Before I explain what this wisdom entails, let me decouple the association between generosity and giving time or money.

Too often, giving time or money are acts for personal benefit. They are a pat on one’s back, or another Instagram post in the making. While there can be a benefit to writing a check or spending an afternoon at a soup kitchen, if the motivation is for the benefactor’s gain, it’s not generosity, but the opposite.

The wisdom of generosity is more an attitude than an action. It’s a leaning forward in anticipation of another’s greatness, a move that shuts out all sounds except for their voice and sweeps all visuals from the field except for their form.

And if you get really good, a generous gaze will cause all thoughts about anything but what you’re giving yourself over to to cease immediately.

Ego Tripping

That part – where all thoughts cease – is a goal in many spiritual paths. In order to find it, most spiritual teachers will point you first toward an inner gaze, as in meditation, body awareness, or noticing your thoughts. These are useful tools, but too much time on the inside can trigger the ego, and not always in the way you think.

This ego game isn’t just played with an inflated sense of self-worth. Sure, an ego tripper can be a boaster, a show-off, a loud mouth. But it just as commonly appears as the opposite.

That’s right – low self-esteem and self-loathing are signs of ego dominance. Hyper fixation on feeling bad about ourselves, just like when we feel above others, is a mistaken belief that our individual experience is the stable truth. And that mistaken identity is the telltale heart of the ego.

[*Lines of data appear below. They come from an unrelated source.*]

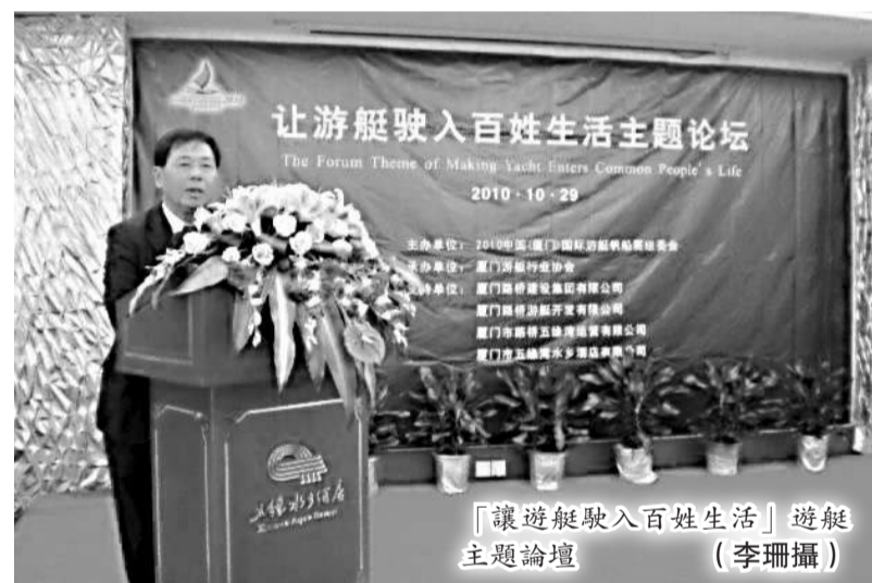
「讓遊艇駛入百姓生活」遊艇主題論壇

由2010中國(廈門)國際遊艇帆船展覽會組委會主辦,廈門遊艇行業協會承辦的2010中國「讓遊艇駛入百姓生活」主題論壇於10月29日下午在廈門五緣水鄉酒店舉行。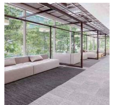
シフォンプレーン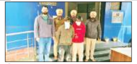
पेज 08 अवैध हथियार व कारतूस सहित दो युवक गिरफ्तार...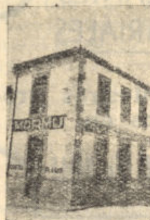
San Isidro, núm. 1 POZOBLANCO

En definitiva, gracias al entusiasmo de la Comisión Gestora, a la colaboración del Excmo. Ayuntamiento y de ese buen puñado de aficionados inasequibles al desaliento, tendremos fútbol, y el C. D. Pozoblanco sabrá "pasear" con orgullo sus colores por los Campos de Andalucía. Y Tigalu, sin primas ni nóminas, cuartillas y pluma en ristre, volverá a estar en la grada al servicio de los lectores de EL CRONISTA DEL VALLE.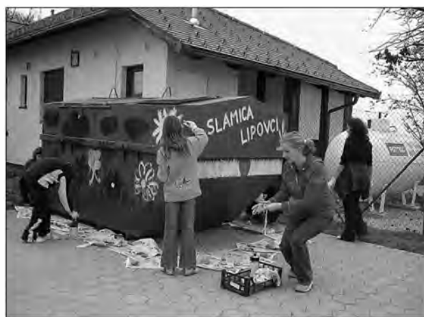
Otroci so polepšali kontejner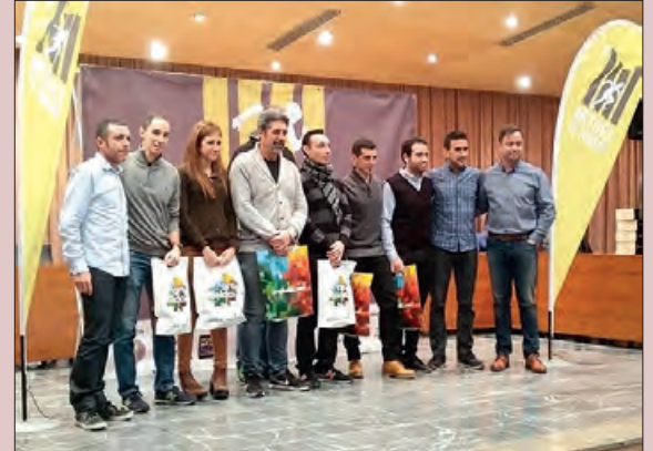
Foto d'arxiu Gala Mitges de Ponent 2017

El club local Runner's Balaguer C.E. serà l'encarregat d'organitzar a Balaguer la propera gala de mitges de Ponent, un projecte que va néixer fa uns anys agrupant les 4 mitges de ponent; La Mitja de Balaguer, la Mitja de Tàrraga, la Mitja de Mollerussa i la Mitja de Balaguer.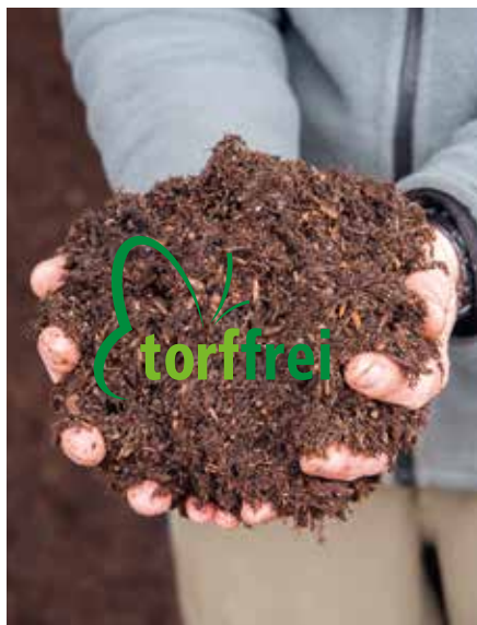
Torffrei seit 2002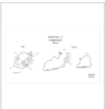
Сакральная План, разрез

Вход находится на склоне на небольшом гребне. Вход прикрыт деревом. Спуск в пещеру по стволам дерева. Внизу просторный зал. Дно земля и камни. Есть немного старой натечной корки.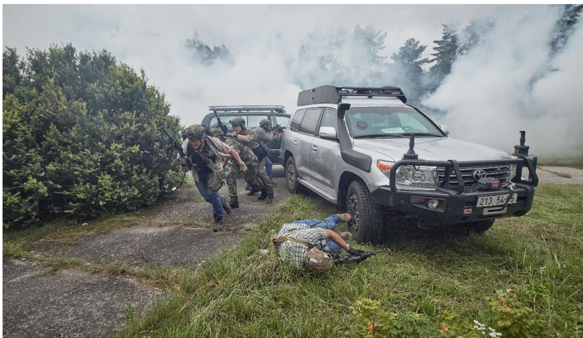
Obrázek 15: Certifikace jednotky KAMBA.

První z možných modelových situací je „ Attack on VIP in the building “. 67 Scénářem této situace je doprovod VIP osoby na jednání v budově lokální vojenské akademie. V průběhu jednání v jedné z budov akademie dojde k útoku střelnou zbraní na chráněnou osobu a ochranný tým. Očekávaná reakce ochranného týmu: a) odstavení útočníka/ů od chráněné osoby a jeho/jejich eliminace, b) velitel ochranného týmu po zhodnocení výše rizik vydá rozkaz k ukončení činnosti (jednání), zajištění safe house/room, přivolání vozidel k budově, opuštění akademie a návratu na ambasádu, c) proběhne koordinovaná činnost řidičů s ochranným týmem při přistavení vozidel, d) provede se přesun VIP osoby do přistavených vozidel. Jako další kritérium se vyhodnotí informační tok během řešení krizové situace, a to od velitele ochranného týmu směrem k řidičům, a dále komunikace velitele týmu směrem ke stále směně „Alfa“. Při komunikaci s „Alfou“ nesmí být v hlášení opomenuto udání polohy incidentu, stav VIP osoby a ochranného týmu a následný průjezd kontrolních bodů.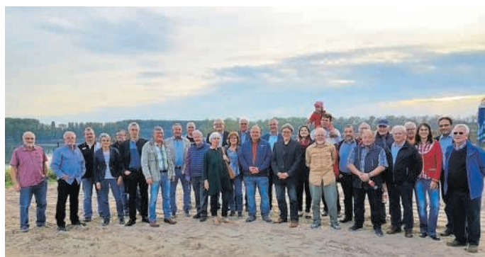
Gemeinderätinnen und Gemeinderäte aus Otterstadt und Brühl vor dem Sonnenuntergang auf dem „Insel-Camping am Kollersee“

Daneben zeigte er das Pumpenhaus, mit der neuen Vakuum-Technik ausgestattete Abwassersystem des Platzes, das seit einigen Monaten problemlos „läuft“, ebenso die Wasser- und Stromversorgung. Das Sanitär-Haus für die Camper ist zwar fertig, es gab aber bereits den ersten Wasserschaden, so dass große Bautrockner den Blick auf die Anlage trübten. Gearbeitet wird noch an der Einrichtung des Bistros, wo außerdem noch eine Terrasse angelegt wird. Das öffentliche WC für die Strandgäste muss ebenfalls noch errichtet werden: „Wir sind auf einem guten Weg“, fasste Schmitt-Köhler zusammen, „auch wenn dieser steinig war und ist“.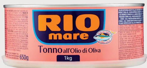
TONNO RIO MARE GR 1000 22012020/1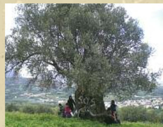
Ελιά στο Βενεράτο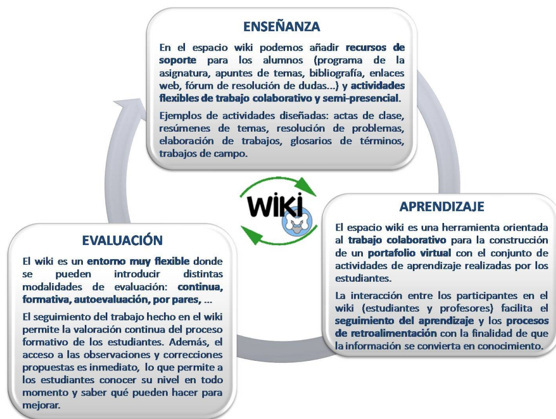
Figura 3 - Proceso de enseñanza-aprendizaje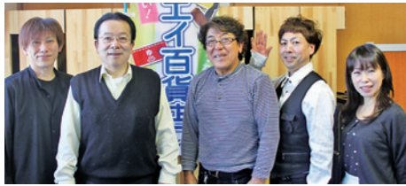
■ 理容組合(盛岡支部) ヘアファッションムゲン 電話 019-687-6577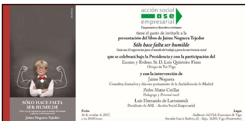
Invitación a la presentación con cubierta de libro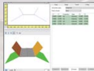
土工断面定義画面 / 自動的にデフォルトの土工断面を生成。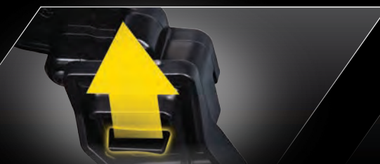
Clipless Body Mounting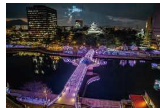
85 小倉イルミネーション

そのほか、JR 小倉駅や紫川周辺など街の各所で開催される冬の風物詩「小倉イルミネーション」や、ダイナミックな工場夜景などを船上から楽しむ「夜景観賞定期クルーズ」など、多彩な視点から光が織りなす風景を鑑賞できるのが北九州の夜景の魅力といえる。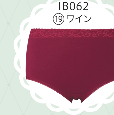
IB062 19 ワイン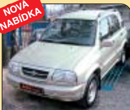
Suzuki Grand Vitara 2.5 V6 Elegance, r. v. 2001, 52 tis. km, 2x airbag, ABS, centrální, klima, tažné, construct. Cena: 339.000 Kč.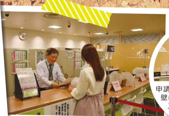
窓口にて申請の手続きを受け付けています。平成30年10月～12月の申請件数は、2,934件です。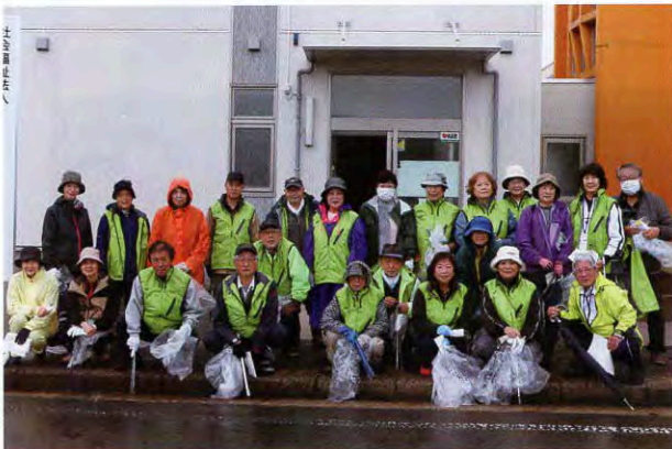
▲民生委員を中心に24名の方がご協力してくださいました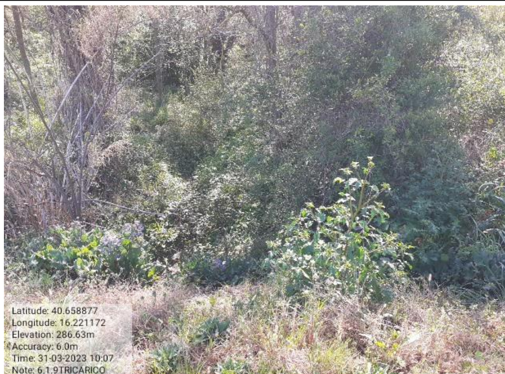
INTERVENTO 6.1.9 - TRICARICO Fg. 61 PARTE ACQUA TORRENTE BILIOSO AREA IN CORR. SP 7 Foto n.38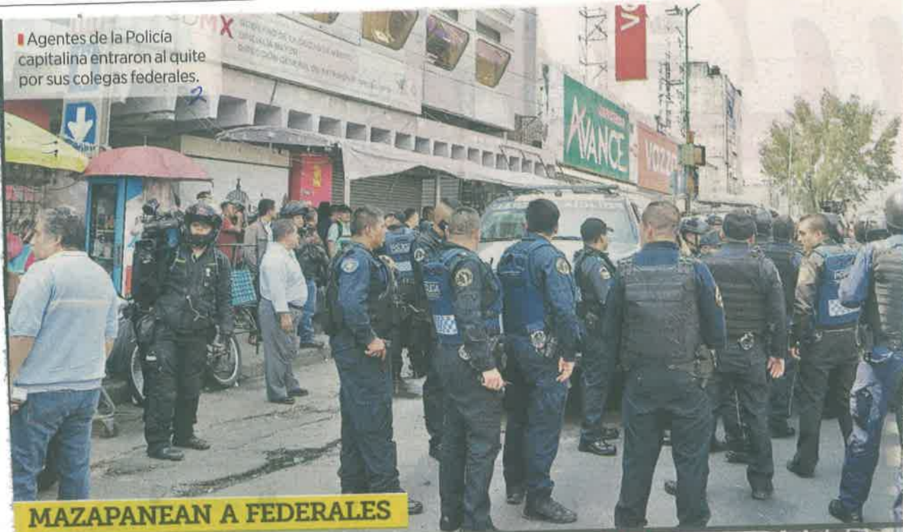
MAZAPANEAN A FEDERALES

Agentes de la Policía capitalina entraron al quite por sus colegas federales.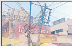
खत्रियाना चौराहे पर झुका खड़ा विद्युत पोल।

लहरपुर, सीतापुर, अमृत विचार : नगर क्षेत्र में विद्युत आपूर्ति निर्धारित रोरिंटिंग के अलावा शिकायतों के निस्तारण के लिए काटी जाती है क्षेत्र में जलते केबिल व कम क्षमता के ट्रांसफार्मर के कारण नगर क्षेत्र में अधिकांश स्थानों पर विद्युत आपूर्ति प्रभावित होती है। नगर क्षेत्र में लगाए गए अधिकांश पोल जर्जर हो चुके हैं। ग्राम गोपेशपुर में हाईटेशन लाइन को बहुत बुरा हाल है। यहां ईंट भूँडे से फेंकटी जाने वाली 11 हजार हाईटेशन लाइन लटक कर काफी नीचे आ गई है, जिससे दुर्घटना की संभावना है। विद्युत आपूर्ति के लिए लगाया गया पोल भी झुक गया, जिससे दुर्घटना की संभावना बढ़ गई।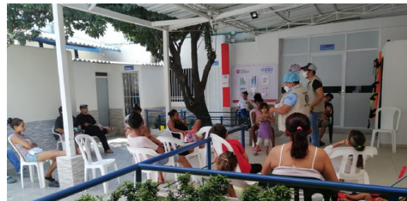
Los adultos que se alojan en el refugio temporal del Centro de Asistencia para Refugiados y Migrantes (CARM) en Maicao participan en una capacitación virtual sobre aptitudes generales y adaptación al cambio con el SENA.

El 26 de mayo se celebró una Conferencia Virtual de Donantes Internacionales para refugiados y migrantes de Venezuela convocada por la Unión Europea y España con el apoyo de Canadá, Noruega, ACNUR y OIM, en la que se recaudaron 2.790 millones de dólares, incluidos préstamos y donaciones (653 millones de dólares en donaciones). Los países donantes estuvieron representados a nivel ministerial y los Presidentes de Colombia, Ecuador y España intervinieron durante la sesión de alto nivel de la conferencia. El Gobierno de Canadá anunció su compromiso de acoger y organizar la próxima reunión de seguimiento de esta conferencia.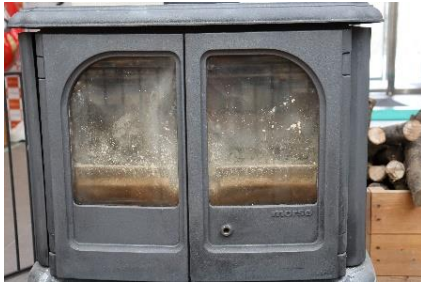
10点 ( A1 ) ロビーのストーブ付近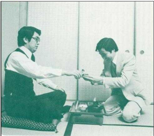
上役や先輩には、まず「お流れを頂いて…」から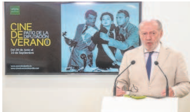
El presidente de la Diputación de Sevilla, Fernando Rodríguez Villalobos, ayer durante la presentación

Como es habitual en este festival veraniego, habrá una proyección diaria, cada día de la semana, incluyendo los domingos. En total habrá 75 proyecciones con el formato tradicional de este cine de verano. Los lunes estarán dedicados al cine español. Los domingos, al

The ego is not entirely wrong – the individual experience matters, but there is a greater whole that we are each part of. The only thing that can make the ego remember its right place is a generous gaze.

What Is

A generous gaze is one that allows you to gleefully exist as one tiny atom in a speck of dust floating through the universe. It is a genuine enthusiasm for another’s delight. It is the magic that happens when you replace all consideration for your individual wishes with an eagerness to embrace what is in someone else’s experience.

Even if what is in their experience is not necessarily what you want.
Even if what is in their experience seems senseless.
Even if what is in their experience feels unnecessary.

It is what it is, and it is perfect within them.

Fewer, Deeper

In presenting the wisdom of generosity, it’s important to distinguish two things about how and where you place your gaze.

First, there’s a difference between looking at all the beautiful things versus one thing at a time. Scattered attention is not generous, but greedy.

This isn’t to say that you must make your generosity exclusive. Play the field, but remember that you’re more likely to catch the ball if there are fewer points of distraction.

Second, being generous does not absolve you of the need to receive generosity. Instead, the invitation is to learn to move from a state of receiving another’s generous gaze to offering it without any of the strings that are too easily dangled.

In creating a flexibility between the two, we shift from “I” to “you” seamlessly and gracefully, disrobing the ego’s assertions that the individual is greater than the whole and that equally damaging uncooked spiritual belief that the individual is less than the whole.

A Holy Embrace

As you set your gaze on someone, hear this truth: humans are contradictory. Our actions make little sense because our desires don’t follow direct paths. But trace your finger along this mess of squiggly lines and you’ll eventually find a cup filled with holy elixir – the spark between two atoms floating through a speck of dust in the universe as they’re locked in a deep embrace.

It’s a beautiful experience, but you can’t get there if you’re all wrapped up in yourself. You must be deliberate about cultivating curiosity for that beautiful window alongside your looking glass. You must allow yourself to wonder what’s out there, how the wind is different from the stable air inside. You must be willing to step out into it and give yourself over completely.

Because there’s a reason there’s more in this wide, wild world than you and your experience.